但是我已经将我的网络摄像头转换为使用来自IP摄像头的 rtsp 流，我认为该流是 H264 ，我现在注意到大约30秒在视频中滞后，加上视频有时会停止启动。

以下是执行主要处理的python代码：

import cv2
cap = cv2.VideoCapture("rtsp://192.168.200.1:5544/stream1")

# Running the tensorflow session
with detection_graph.as_default():
  with tf.Session(graph=detection_graph) as sess:
   ret = True
   while (ret):
      ret,image_np = cap.read()

      # Expand dimensions since the model expects images to have shape: [1, None, None, 3]
      image_np_expanded = np.expand_dims(image_np, axis=0)
      image_tensor = detection_graph.get_tensor_by_name('image_tensor:0')

      # Each box represents a part of the image where a particular object was detected.
      boxes = detection_graph.get_tensor_by_name('detection_boxes:0')

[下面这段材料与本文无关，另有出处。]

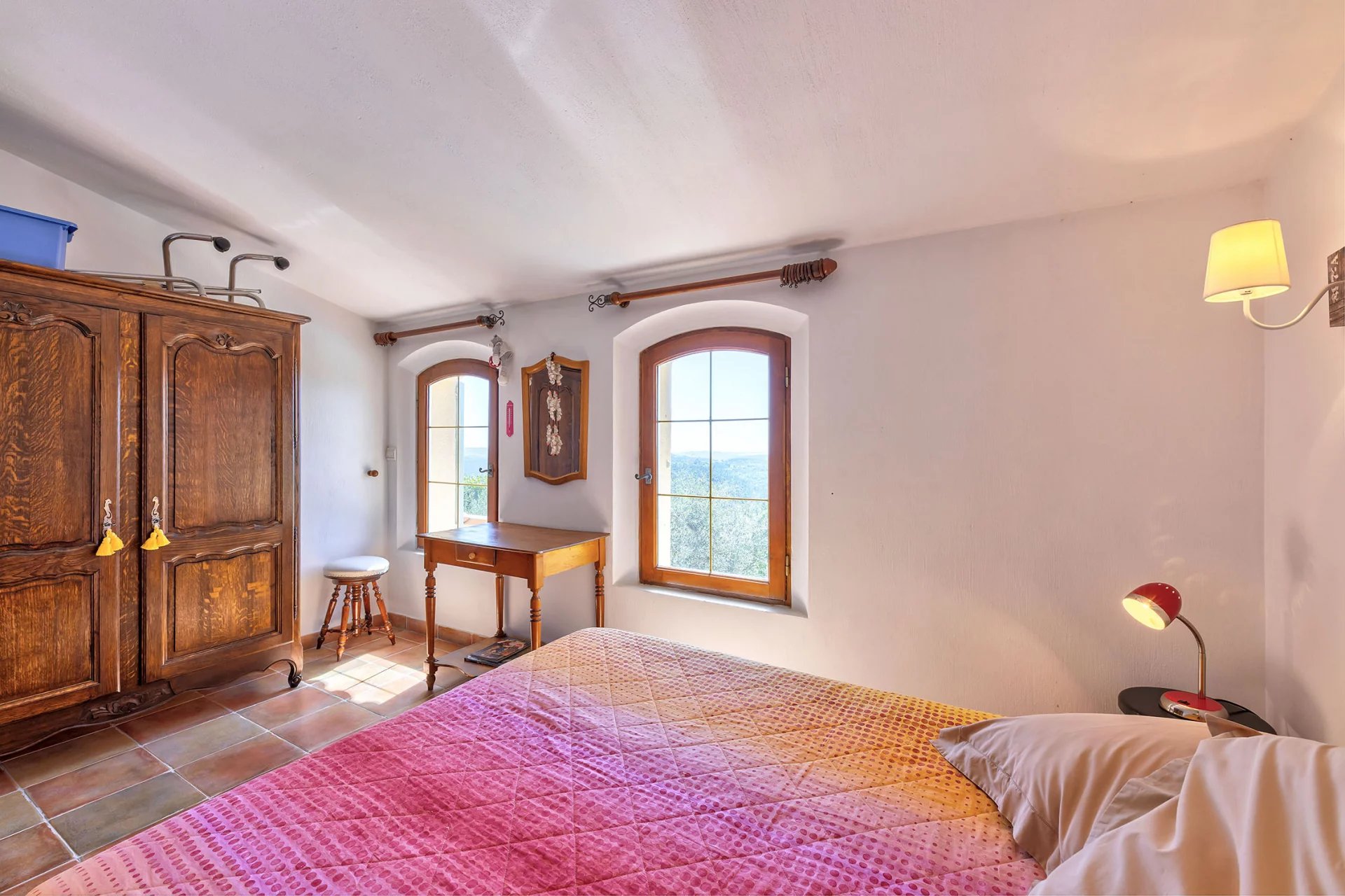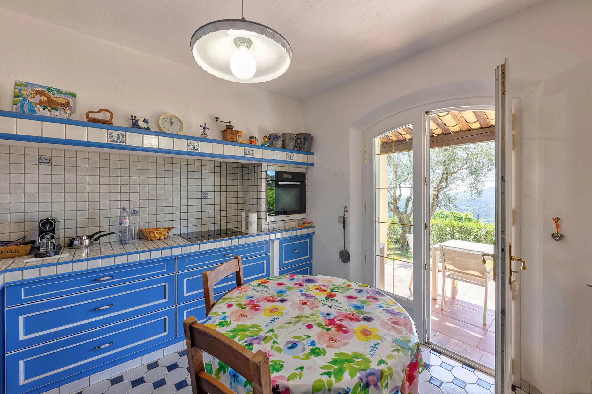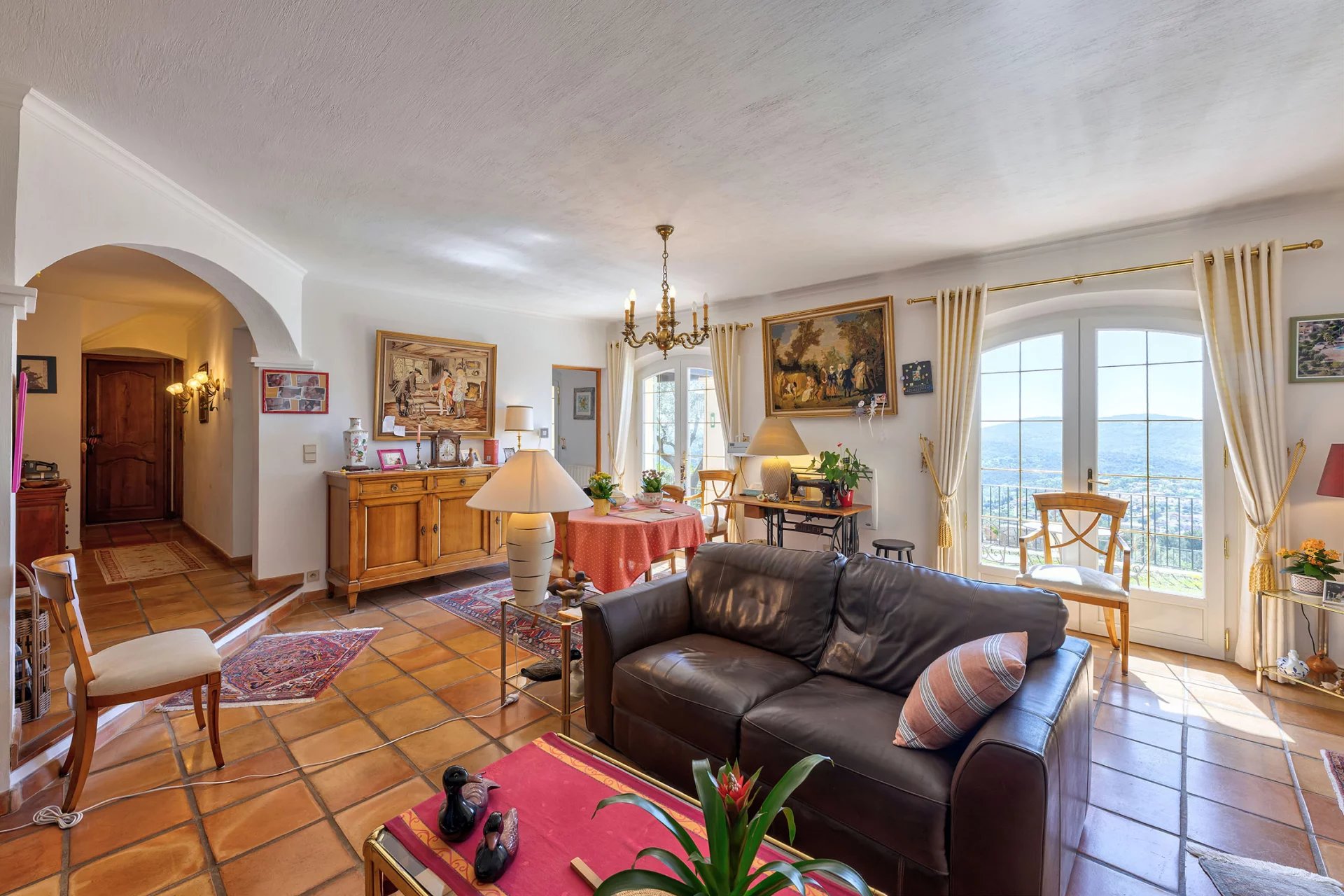In a beautiful natural setting, surrounded by greenery and set in a dominant position, this property enjoys a stunning panoramic view reaching all the way to the sea. It sits on a landscaped plot of 2,500 m2 adorned with majestic olive trees and features a refined infinity pool.

      # Each score represent how level of confidence for each of the objects.
      # Score is shown on the result image, together with the class label.
      scores = detection_graph.get_tensor_by_name('detection_scores:0')
      classes = detection_graph.get_tensor_by_name('detection_classes:0')
      num_detections = detection_graph.get_tensor_by_name('num_detections:0')

      # Actual detection.
      (boxes, scores, classes, num_detections) = sess.run(
      [boxes, scores, classes, num_detections],
          feed_dict={image_tensor: image_np_expanded})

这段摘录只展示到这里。